Cable is also caretaker of the big flag which flies at the intersection of W. Elk Avenue and Broad Street. Cable said because of the wear and tear on the flag by the weather, it usually has to be replaced about every four months. Cable orders the flags three feet longer than the regulation size and when the ends become frayed, he has it taken down and cuts off the frayed end and re-hems it. “This way it lasts longer,” he explained. Funds for the flags come from the veterans and the Elizabethton Fire Department assists with taking the flag down and putting it back up.
In 1991, when the Elizabethton National Guard returned home from several months of deployment to Saudia Arabia in Operation Desert Storm, Cable organized a welcome home celebration for the troops. He made and tied yellow ribbons on every utility pole from Highway 19-E to the VFW on W. Elk Avenue and bought 2,000 small American flags with his own money and had them distributed to the crowd, which lined Elk Avenue.
Cable also helped organized the annual Christmas parade downtown for several years and assisted with the lighting of the Fraser fir. As head of the Fraser Fir Committee he selected people who had a connection with either the Folsom house or the tree to turn the lights on. One of those people was Doris Folsom Davis, an ancestor of Major Folsom, who built the house and had the Fraser fir planted. “She had also lived in the house,” Cable said.
Cable’s business in past years has become a favorite place for businesspeople and politicians to hang out. “Sometimes, there’s 10 or 12 in here for lunch,” he said. For years he has kept a tray setting out, and those who frequent the shop on a regular basis toss their spare coins into the tray. At the end of the year, the coins are counted and given to St. Jude Hospital in Memphis. “It usually amounts to $1,000, more or less,” Cable said.
Among the honors that have come Cable’s way is being named Citizen of the Year by the Elizabethton-Carter County Chamber of Commerce and being Christmas Parade Marshal. “These are little things to most people, but to me they were big.” In fact, Cable still has his “Parade Marshal” sign displayed in his office.
Cable served on the Veterans War Memorial Committee and is a member of the board of directors of the Elizabethton-Carter County Foundation, which provides funds for worthy non-profit organizations in Elizabethton and Carter County.
Cable is an avid U-T fan and among his treasured possessions are a couple of U-T orange jackets, which have become a trademark. He along with Mayor Curt Alexander attended the UT National Championship game in Tempe, Arizona in 1998. “In fact, Curt and I went to every University of Tennessee football game that year together,” he shared.

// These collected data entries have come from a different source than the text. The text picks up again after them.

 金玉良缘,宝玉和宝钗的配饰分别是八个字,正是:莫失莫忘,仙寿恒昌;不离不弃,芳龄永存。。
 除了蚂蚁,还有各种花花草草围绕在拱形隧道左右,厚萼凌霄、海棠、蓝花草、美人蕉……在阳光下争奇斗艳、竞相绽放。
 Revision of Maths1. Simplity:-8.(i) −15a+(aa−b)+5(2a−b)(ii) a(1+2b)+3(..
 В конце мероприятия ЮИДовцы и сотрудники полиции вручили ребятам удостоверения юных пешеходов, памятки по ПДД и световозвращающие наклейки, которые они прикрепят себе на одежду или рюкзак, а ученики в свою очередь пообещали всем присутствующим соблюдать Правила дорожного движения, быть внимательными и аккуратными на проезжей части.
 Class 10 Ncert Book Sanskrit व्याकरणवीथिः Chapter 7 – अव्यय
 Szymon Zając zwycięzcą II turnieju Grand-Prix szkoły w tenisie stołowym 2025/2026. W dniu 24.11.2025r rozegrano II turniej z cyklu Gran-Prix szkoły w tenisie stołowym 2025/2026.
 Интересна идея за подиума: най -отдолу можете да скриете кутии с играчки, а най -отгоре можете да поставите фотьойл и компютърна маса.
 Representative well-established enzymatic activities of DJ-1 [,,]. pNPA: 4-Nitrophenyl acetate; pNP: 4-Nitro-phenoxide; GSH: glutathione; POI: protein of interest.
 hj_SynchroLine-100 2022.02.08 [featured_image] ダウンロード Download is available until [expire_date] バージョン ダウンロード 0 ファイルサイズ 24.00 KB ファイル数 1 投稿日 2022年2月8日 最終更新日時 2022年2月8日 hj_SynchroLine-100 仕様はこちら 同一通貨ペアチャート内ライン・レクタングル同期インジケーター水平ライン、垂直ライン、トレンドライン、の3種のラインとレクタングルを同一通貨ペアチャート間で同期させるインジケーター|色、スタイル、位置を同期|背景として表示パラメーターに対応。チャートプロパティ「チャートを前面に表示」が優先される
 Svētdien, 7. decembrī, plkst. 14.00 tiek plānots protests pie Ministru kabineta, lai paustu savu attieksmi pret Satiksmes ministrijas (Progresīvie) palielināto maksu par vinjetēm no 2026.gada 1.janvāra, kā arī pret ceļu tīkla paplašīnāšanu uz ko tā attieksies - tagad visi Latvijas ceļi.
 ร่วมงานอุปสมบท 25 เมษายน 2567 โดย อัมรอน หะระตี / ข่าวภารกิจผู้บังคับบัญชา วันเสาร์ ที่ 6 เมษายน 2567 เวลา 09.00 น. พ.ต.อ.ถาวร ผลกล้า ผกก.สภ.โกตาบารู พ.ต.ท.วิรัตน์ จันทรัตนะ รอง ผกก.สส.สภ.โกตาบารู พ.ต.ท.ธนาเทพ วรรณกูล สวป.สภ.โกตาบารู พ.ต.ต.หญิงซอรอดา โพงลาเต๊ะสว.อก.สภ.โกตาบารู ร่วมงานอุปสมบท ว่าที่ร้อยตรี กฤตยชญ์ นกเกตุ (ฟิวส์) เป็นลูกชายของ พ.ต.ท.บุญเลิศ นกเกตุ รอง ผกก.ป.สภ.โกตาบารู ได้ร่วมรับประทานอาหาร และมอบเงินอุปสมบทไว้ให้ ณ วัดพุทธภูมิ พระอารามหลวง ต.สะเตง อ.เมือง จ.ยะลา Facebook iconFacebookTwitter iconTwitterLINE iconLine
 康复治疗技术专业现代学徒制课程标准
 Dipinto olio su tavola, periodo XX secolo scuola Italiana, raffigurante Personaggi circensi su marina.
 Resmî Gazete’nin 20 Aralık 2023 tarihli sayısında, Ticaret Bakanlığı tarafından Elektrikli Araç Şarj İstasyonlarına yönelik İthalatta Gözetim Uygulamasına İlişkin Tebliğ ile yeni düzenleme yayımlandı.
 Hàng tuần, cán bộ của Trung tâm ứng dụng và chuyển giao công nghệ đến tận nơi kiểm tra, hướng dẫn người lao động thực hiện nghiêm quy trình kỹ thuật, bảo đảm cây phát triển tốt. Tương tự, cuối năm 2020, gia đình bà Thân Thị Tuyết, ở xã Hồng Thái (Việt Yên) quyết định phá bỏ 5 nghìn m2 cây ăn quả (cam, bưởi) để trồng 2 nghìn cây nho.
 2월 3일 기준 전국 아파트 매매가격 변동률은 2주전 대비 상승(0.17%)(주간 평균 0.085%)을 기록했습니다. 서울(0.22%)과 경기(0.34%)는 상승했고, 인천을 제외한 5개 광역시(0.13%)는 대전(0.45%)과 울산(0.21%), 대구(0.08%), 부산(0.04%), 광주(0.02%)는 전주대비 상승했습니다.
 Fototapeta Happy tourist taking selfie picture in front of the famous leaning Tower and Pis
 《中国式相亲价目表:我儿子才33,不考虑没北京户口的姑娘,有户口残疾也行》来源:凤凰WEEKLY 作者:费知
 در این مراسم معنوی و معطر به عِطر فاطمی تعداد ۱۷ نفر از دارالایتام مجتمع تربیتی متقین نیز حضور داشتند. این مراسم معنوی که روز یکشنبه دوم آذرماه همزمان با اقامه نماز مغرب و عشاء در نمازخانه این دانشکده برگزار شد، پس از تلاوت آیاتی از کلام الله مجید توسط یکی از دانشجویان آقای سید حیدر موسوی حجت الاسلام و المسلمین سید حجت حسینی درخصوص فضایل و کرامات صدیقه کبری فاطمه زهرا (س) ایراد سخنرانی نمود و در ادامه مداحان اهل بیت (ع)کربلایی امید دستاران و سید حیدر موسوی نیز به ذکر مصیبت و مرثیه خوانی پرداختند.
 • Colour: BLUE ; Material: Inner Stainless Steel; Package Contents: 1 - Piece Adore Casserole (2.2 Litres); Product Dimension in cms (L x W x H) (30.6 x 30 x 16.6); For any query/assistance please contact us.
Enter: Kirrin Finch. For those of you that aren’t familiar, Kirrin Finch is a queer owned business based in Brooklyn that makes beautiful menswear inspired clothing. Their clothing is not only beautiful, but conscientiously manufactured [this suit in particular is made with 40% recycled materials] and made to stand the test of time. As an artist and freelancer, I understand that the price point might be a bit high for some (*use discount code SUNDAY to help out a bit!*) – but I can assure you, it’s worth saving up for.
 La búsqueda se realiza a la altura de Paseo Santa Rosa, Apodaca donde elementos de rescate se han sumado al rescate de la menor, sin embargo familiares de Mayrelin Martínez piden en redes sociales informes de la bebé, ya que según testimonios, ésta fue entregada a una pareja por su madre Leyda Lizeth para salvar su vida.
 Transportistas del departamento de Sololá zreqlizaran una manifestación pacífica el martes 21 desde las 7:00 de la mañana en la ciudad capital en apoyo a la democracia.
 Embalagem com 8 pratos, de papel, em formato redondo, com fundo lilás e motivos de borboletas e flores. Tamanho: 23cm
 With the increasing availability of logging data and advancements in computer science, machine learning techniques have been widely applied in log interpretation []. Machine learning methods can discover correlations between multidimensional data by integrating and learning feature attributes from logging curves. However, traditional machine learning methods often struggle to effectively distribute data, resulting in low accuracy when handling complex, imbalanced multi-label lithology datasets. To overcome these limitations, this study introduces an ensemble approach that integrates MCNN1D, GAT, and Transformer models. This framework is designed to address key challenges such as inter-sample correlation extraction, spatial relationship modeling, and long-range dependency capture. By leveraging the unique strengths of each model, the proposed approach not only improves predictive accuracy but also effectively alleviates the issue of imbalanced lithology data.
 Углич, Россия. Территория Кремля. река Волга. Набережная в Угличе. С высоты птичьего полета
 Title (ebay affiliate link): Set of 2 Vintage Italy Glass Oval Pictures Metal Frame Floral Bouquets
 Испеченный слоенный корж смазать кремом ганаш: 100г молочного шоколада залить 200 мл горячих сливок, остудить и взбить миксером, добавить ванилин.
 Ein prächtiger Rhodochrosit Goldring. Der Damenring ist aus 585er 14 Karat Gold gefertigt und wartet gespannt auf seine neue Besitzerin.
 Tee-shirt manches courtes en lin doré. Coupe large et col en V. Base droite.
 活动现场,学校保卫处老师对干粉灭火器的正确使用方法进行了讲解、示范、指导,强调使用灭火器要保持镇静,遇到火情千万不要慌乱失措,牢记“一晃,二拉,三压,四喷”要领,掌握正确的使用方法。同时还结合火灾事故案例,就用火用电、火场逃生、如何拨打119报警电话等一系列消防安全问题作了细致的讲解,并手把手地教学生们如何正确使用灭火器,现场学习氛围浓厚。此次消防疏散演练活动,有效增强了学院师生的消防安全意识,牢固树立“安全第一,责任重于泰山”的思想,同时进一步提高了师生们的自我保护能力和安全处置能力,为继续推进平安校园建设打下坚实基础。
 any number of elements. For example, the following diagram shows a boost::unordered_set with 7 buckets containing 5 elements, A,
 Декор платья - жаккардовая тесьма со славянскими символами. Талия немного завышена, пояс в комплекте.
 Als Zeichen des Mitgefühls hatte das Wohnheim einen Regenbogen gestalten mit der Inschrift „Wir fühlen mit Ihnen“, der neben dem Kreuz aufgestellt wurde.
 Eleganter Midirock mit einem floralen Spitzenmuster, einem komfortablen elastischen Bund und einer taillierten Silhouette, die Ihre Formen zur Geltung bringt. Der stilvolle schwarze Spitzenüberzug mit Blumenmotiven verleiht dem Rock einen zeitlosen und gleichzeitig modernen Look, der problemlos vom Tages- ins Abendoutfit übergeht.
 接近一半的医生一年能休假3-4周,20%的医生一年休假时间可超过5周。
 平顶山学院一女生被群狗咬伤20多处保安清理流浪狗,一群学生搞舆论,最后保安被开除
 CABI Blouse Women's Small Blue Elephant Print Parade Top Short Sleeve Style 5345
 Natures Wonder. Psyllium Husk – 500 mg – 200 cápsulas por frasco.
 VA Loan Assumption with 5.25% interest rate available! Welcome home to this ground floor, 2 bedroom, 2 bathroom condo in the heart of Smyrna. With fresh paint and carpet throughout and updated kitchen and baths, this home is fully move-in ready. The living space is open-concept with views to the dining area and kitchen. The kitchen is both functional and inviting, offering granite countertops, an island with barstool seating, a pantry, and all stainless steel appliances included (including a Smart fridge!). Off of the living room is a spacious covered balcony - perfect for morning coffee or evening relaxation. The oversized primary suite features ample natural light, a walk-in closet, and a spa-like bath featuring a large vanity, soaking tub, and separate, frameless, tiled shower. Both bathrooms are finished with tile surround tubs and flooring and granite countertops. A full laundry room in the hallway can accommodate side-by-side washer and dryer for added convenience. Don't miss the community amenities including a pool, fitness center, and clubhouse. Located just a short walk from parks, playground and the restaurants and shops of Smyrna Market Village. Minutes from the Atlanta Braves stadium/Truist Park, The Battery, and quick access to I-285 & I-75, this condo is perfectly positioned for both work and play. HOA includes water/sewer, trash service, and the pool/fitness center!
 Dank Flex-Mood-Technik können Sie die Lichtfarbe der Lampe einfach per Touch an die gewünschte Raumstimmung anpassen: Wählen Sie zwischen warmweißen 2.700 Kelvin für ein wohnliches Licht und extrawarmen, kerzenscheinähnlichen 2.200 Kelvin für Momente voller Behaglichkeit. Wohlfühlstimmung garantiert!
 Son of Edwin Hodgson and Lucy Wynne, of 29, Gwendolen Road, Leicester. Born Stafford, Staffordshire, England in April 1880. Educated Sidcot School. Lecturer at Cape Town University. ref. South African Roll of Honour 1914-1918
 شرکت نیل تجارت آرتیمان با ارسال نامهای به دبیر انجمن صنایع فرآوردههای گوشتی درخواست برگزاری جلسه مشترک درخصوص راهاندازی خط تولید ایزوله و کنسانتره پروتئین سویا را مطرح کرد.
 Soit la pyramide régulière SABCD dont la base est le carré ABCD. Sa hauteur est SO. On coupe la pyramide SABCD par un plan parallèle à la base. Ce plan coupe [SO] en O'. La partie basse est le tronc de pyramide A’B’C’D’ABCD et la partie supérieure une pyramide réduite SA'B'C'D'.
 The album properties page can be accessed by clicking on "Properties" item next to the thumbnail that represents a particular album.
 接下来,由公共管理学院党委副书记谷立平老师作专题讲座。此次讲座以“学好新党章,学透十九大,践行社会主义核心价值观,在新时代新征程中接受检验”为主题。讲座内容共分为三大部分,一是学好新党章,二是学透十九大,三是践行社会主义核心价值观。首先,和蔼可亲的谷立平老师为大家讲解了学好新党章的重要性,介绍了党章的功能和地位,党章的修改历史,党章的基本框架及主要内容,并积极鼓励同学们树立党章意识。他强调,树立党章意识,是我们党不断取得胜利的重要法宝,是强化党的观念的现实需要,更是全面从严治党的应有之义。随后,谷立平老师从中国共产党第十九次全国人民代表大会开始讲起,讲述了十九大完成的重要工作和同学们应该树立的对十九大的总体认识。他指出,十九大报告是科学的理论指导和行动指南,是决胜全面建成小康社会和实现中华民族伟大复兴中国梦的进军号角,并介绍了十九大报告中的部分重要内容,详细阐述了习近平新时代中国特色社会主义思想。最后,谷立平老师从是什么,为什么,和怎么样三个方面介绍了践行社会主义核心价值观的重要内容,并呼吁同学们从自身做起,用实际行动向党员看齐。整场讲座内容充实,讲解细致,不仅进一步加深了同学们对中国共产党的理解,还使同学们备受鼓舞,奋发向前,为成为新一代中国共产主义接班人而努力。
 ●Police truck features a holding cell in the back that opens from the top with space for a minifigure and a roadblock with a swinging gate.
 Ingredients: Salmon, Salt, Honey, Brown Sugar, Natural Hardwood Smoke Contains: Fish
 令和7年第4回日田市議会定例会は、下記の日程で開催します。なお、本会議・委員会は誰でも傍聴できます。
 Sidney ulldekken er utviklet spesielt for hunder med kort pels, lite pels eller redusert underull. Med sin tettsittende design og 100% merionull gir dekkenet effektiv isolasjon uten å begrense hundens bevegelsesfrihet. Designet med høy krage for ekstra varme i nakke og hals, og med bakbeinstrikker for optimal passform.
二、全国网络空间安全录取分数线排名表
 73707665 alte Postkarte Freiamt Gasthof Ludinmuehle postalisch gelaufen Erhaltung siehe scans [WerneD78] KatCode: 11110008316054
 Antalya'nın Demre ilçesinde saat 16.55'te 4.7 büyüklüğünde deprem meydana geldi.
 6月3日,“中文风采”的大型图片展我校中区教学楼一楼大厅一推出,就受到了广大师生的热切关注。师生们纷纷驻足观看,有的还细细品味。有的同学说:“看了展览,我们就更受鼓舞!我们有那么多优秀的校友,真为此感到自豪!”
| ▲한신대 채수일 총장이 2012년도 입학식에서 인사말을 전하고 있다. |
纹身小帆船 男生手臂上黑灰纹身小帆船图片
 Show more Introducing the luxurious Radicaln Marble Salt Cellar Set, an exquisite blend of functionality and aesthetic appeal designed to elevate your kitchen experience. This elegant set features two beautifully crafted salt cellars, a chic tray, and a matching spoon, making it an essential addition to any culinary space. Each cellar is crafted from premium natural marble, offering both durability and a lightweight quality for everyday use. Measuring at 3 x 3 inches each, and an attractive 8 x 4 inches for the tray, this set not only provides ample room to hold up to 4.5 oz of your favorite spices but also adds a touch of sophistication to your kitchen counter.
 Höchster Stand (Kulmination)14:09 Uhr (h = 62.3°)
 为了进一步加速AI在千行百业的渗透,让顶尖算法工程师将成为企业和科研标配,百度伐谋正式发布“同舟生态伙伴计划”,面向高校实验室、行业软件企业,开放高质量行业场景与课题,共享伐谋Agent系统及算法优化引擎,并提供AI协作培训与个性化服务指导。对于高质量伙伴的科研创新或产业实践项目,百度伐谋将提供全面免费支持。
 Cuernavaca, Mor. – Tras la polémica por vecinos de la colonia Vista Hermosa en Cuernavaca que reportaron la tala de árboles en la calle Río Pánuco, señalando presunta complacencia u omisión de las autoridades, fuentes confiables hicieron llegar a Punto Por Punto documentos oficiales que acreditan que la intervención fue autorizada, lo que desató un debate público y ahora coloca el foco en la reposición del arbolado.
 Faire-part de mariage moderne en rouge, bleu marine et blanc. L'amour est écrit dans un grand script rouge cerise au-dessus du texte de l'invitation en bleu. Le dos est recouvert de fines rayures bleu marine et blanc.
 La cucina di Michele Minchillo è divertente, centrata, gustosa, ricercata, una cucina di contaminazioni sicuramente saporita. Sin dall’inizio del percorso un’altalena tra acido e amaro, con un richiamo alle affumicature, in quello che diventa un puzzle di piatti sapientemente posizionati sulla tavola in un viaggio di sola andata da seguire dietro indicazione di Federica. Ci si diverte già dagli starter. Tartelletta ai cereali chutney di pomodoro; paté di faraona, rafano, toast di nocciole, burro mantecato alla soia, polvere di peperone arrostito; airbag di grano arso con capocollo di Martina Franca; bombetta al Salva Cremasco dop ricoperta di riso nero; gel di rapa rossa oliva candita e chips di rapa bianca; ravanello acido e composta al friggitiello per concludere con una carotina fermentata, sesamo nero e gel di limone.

In addition to his UT orange, Cable is a Volkswagen fan. He has a green 1977 Volkswagen, and its tag bears the initials of his four great-great-nieces and nephew — Gabriel, Bellah, Chloe, Ava and Sadie — which are more like grandchildren to him and his wife, Brenda.
Cable said he has enjoyed serving his customers, many of whom are repeat customers. He takes pride in the fact that he has done work for the Governor’s Mansion in Tennessee, the White House, and even for Martha Stewart. “I have stressed quality in my work, and it has showed with the number of customers who have returned to get work done,” Cable said.
Now that he is retiring, Cable said he plans to spend more time with his wife. “We might do a little traveling. But, for sure it will be a slower pace than what it has been,” he said.
Cable said he plans to put the business up for sale. “There’s still a need for an upholstery business, but no one teaches it anymore. The younger generation is not interested in learning it,” he said.